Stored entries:
⁂

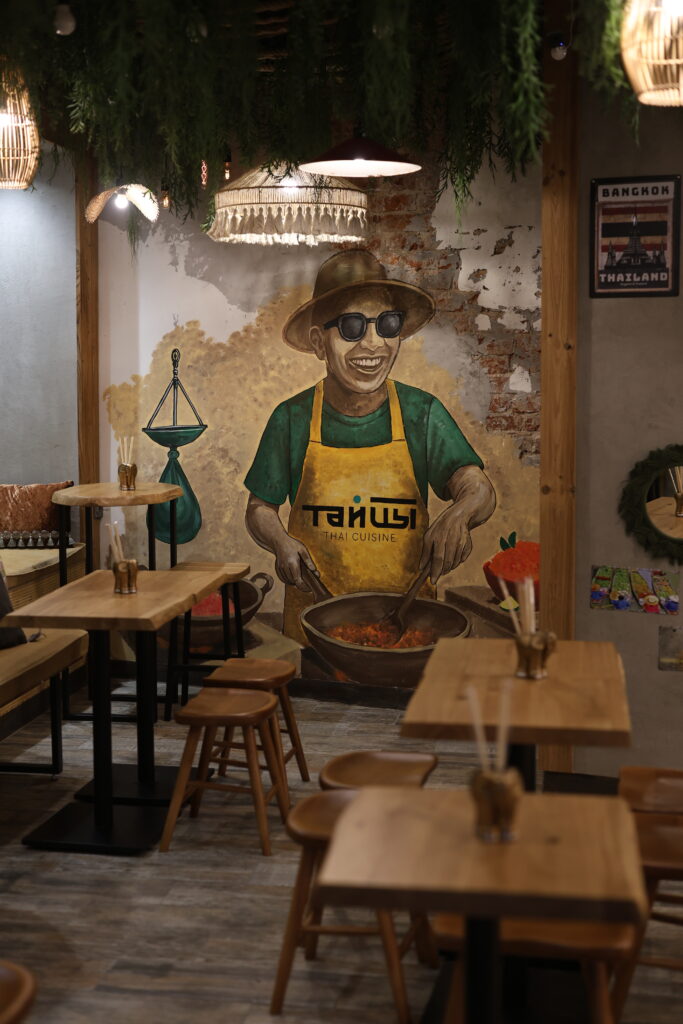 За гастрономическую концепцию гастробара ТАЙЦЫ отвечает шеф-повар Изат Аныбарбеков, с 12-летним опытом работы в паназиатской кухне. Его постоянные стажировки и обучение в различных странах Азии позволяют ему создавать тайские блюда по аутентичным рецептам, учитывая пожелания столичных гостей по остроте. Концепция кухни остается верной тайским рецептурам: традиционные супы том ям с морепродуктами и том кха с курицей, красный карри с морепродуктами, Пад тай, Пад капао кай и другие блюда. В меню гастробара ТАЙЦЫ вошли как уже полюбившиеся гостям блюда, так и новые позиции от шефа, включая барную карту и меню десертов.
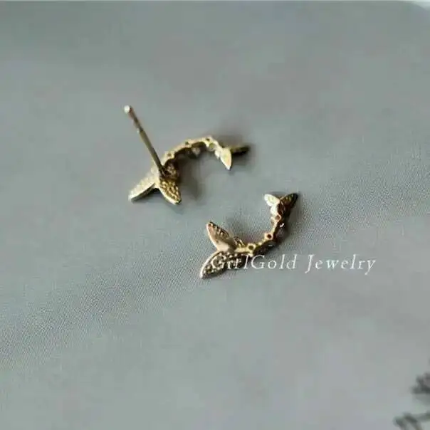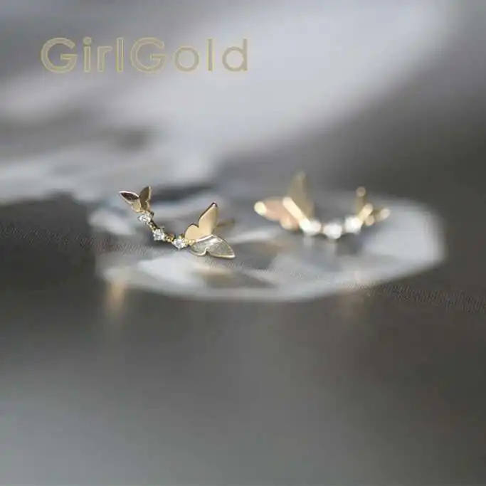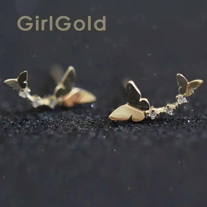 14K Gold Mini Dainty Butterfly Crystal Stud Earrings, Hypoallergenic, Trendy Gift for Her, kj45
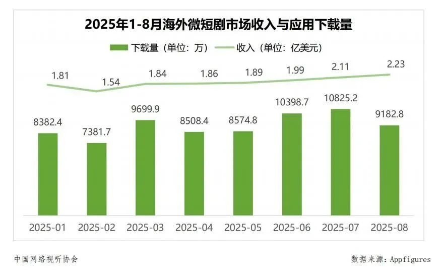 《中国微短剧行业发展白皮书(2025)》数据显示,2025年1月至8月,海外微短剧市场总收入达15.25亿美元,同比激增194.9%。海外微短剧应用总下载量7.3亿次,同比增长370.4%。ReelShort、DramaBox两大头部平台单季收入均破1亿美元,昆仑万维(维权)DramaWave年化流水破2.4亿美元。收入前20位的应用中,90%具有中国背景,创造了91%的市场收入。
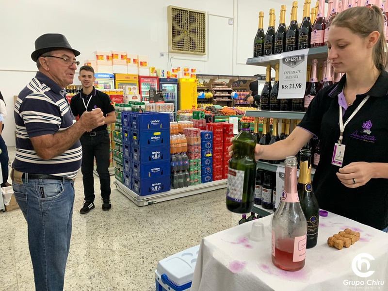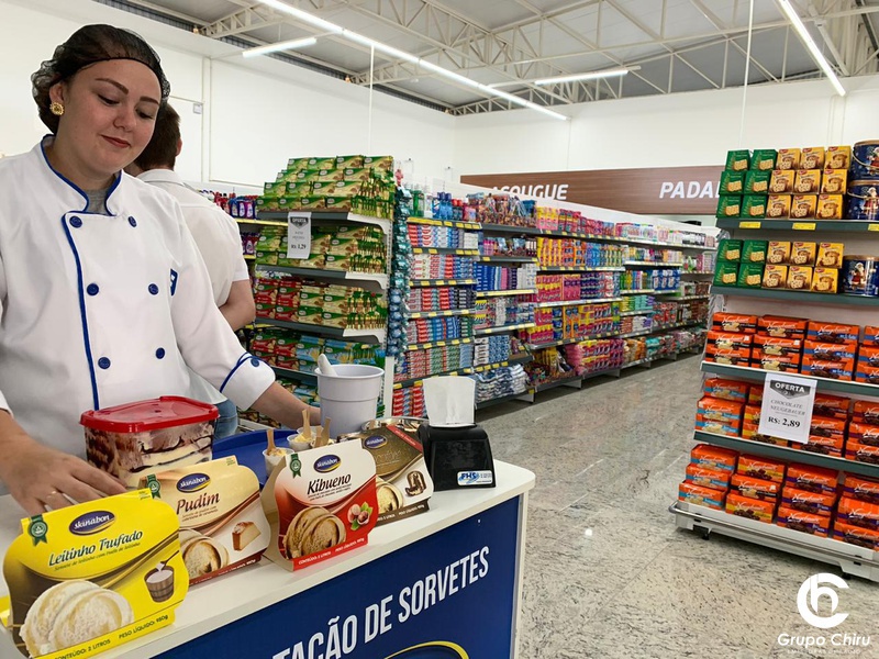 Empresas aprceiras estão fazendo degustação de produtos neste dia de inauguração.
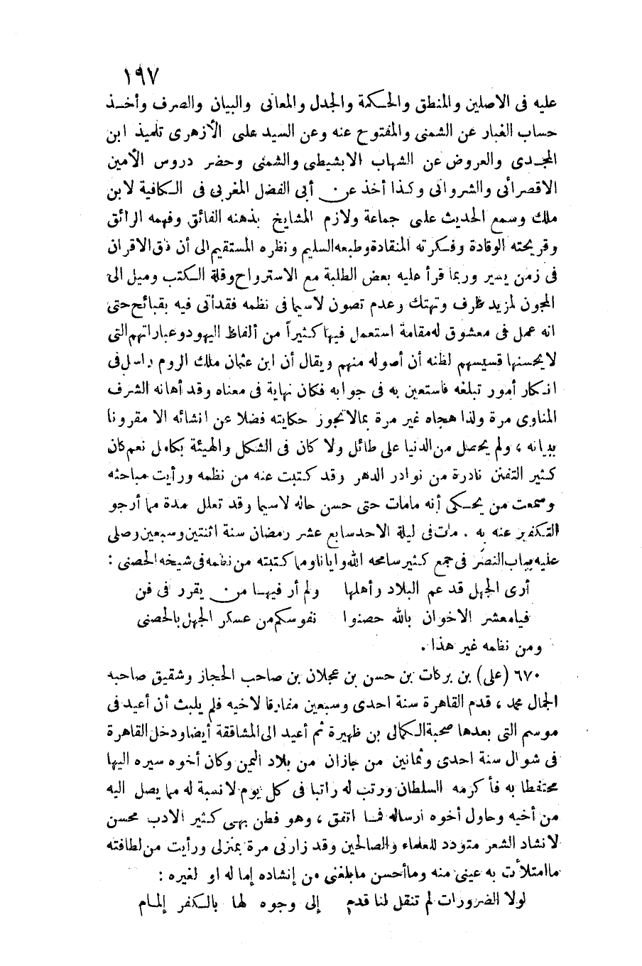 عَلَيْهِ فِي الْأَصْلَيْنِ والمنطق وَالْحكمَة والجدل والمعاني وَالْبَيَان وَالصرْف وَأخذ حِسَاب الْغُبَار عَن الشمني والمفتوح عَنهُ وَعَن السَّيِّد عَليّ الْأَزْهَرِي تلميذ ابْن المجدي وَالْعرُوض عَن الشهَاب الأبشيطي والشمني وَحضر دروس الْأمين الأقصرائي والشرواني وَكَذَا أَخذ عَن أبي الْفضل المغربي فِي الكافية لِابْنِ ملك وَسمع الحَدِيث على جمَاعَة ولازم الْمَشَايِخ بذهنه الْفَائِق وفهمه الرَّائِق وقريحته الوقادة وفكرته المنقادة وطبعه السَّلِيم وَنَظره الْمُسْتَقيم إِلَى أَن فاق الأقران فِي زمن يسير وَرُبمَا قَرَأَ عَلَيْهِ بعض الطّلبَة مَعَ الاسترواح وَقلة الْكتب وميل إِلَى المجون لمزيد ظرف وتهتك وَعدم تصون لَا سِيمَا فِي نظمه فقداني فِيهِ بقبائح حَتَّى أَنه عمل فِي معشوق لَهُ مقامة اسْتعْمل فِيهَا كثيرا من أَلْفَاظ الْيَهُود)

⁂

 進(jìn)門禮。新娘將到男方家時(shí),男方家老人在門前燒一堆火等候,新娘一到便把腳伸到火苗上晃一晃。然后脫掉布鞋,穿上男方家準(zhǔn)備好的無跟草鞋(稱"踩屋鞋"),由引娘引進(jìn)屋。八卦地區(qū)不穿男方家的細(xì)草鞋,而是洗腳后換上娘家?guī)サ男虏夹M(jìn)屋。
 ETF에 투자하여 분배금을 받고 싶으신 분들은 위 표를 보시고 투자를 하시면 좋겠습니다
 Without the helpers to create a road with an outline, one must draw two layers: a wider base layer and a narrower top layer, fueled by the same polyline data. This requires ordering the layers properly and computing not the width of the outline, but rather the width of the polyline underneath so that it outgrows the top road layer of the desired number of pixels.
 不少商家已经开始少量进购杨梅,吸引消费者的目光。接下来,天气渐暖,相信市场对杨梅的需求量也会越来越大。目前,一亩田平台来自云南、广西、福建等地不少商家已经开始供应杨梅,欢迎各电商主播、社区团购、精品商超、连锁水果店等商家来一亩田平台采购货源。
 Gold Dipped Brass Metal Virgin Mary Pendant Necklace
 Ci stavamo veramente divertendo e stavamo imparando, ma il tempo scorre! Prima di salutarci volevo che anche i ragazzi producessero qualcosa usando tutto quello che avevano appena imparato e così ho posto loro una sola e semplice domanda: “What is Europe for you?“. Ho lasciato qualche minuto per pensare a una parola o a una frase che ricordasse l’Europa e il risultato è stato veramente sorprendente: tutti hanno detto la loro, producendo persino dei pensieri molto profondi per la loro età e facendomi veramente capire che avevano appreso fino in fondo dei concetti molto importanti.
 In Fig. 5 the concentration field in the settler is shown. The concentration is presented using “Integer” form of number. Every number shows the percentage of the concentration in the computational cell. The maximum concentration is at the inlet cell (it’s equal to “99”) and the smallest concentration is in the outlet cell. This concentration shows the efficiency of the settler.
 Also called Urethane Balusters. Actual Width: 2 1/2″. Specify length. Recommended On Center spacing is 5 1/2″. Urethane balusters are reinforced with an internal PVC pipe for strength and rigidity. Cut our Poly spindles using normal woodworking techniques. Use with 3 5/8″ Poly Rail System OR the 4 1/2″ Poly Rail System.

⁂

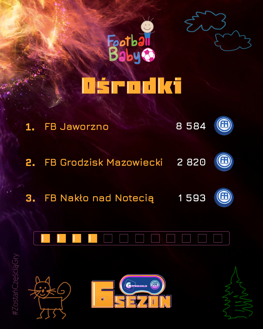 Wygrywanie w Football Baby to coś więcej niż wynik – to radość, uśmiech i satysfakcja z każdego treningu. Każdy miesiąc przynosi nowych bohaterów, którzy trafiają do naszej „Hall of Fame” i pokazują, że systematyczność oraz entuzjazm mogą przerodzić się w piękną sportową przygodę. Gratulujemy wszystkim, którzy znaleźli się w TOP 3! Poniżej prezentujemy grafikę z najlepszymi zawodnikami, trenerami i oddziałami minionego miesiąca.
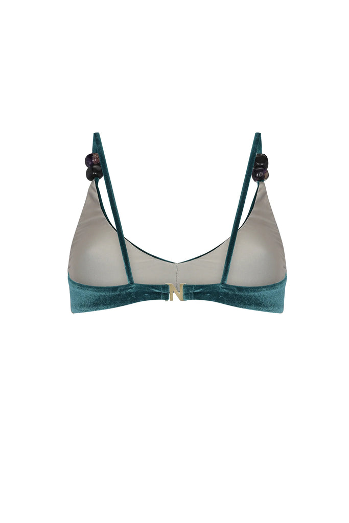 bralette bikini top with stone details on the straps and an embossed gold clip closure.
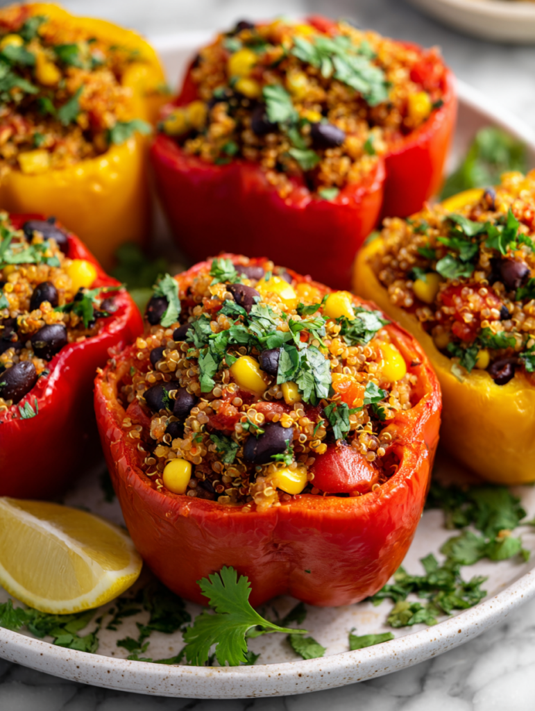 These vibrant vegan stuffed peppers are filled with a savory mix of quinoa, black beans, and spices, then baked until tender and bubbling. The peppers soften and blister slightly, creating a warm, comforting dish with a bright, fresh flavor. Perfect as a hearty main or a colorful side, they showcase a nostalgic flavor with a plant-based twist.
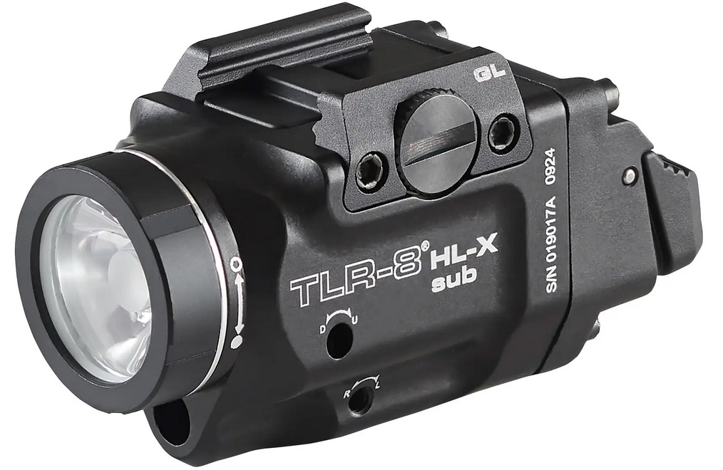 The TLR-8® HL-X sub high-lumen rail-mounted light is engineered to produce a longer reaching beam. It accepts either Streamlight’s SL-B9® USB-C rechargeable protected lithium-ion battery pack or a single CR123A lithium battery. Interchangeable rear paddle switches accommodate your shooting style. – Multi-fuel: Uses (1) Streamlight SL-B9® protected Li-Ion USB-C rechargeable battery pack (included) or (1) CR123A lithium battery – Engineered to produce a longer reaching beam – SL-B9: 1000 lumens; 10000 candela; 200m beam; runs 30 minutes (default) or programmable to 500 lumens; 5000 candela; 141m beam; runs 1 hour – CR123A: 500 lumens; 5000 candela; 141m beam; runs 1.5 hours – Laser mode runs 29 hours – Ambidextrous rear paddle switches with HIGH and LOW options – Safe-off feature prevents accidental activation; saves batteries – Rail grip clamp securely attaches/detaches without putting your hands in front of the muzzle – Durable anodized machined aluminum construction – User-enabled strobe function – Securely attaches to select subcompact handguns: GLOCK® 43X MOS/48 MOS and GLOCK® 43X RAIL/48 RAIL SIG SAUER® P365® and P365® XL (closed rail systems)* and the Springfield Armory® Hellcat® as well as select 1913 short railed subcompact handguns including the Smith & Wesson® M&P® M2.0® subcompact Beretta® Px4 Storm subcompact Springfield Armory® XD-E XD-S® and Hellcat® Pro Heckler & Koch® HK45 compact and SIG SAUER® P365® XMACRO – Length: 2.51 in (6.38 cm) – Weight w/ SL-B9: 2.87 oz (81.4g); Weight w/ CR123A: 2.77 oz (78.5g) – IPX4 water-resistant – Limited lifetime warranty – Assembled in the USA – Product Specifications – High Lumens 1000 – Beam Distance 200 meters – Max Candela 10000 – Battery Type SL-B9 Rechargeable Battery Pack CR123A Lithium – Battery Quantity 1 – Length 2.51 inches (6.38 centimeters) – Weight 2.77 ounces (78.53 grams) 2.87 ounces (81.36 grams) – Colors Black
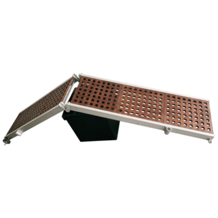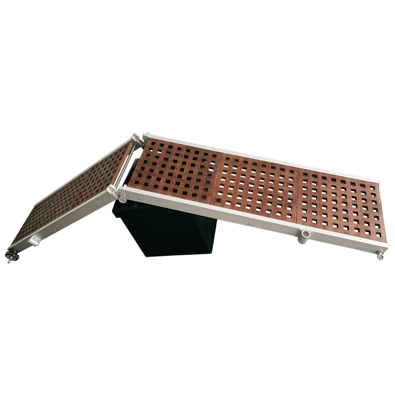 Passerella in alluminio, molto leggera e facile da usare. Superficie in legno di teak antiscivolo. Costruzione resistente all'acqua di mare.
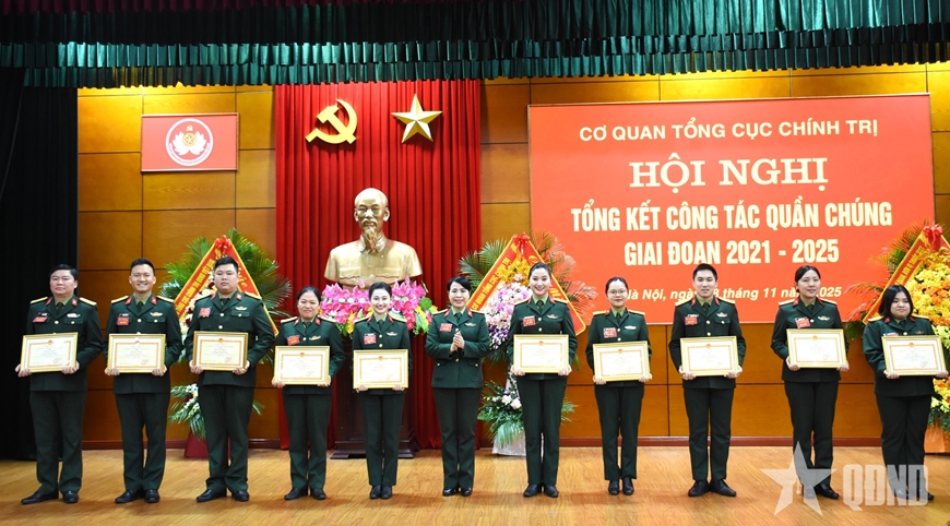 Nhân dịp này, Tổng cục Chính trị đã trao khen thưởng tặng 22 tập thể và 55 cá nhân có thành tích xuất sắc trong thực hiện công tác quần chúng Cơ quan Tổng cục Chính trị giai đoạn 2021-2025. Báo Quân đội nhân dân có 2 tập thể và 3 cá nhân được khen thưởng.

⁂

→ **What the task asks**
Word for word, write out the lines above running from the one with "За гастрономическую концепцию" up to and including the one with "Empresas aprceiras estão". Drop any picture.

→ **Result below**
 За гастрономическую концепцию гастробара ТАЙЦЫ отвечает шеф-повар Изат Аныбарбеков, с 12-летним опытом работы в паназиатской кухне. Его постоянные стажировки и обучение в различных странах Азии позволяют ему создавать тайские блюда по аутентичным рецептам, учитывая пожелания столичных гостей по остроте. Концепция кухни остается верной тайским рецептурам: традиционные супы том ям с морепродуктами и том кха с курицей, красный карри с морепродуктами, Пад тай, Пад капао кай и другие блюда. В меню гастробара ТАЙЦЫ вошли как уже полюбившиеся гостям блюда, так и новые позиции от шефа, включая барную карту и меню десертов.
 14K Gold Mini Dainty Butterfly Crystal Stud Earrings, Hypoallergenic, Trendy Gift for Her, kj45
 《中国微短剧行业发展白皮书(2025)》数据显示,2025年1月至8月,海外微短剧市场总收入达15.25亿美元,同比激增194.9%。海外微短剧应用总下载量7.3亿次,同比增长370.4%。ReelShort、DramaBox两大头部平台单季收入均破1亿美元,昆仑万维(维权)DramaWave年化流水破2.4亿美元。收入前20位的应用中,90%具有中国背景,创造了91%的市场收入。
 Empresas aprceiras estão fazendo degustação de produtos neste dia de inauguração.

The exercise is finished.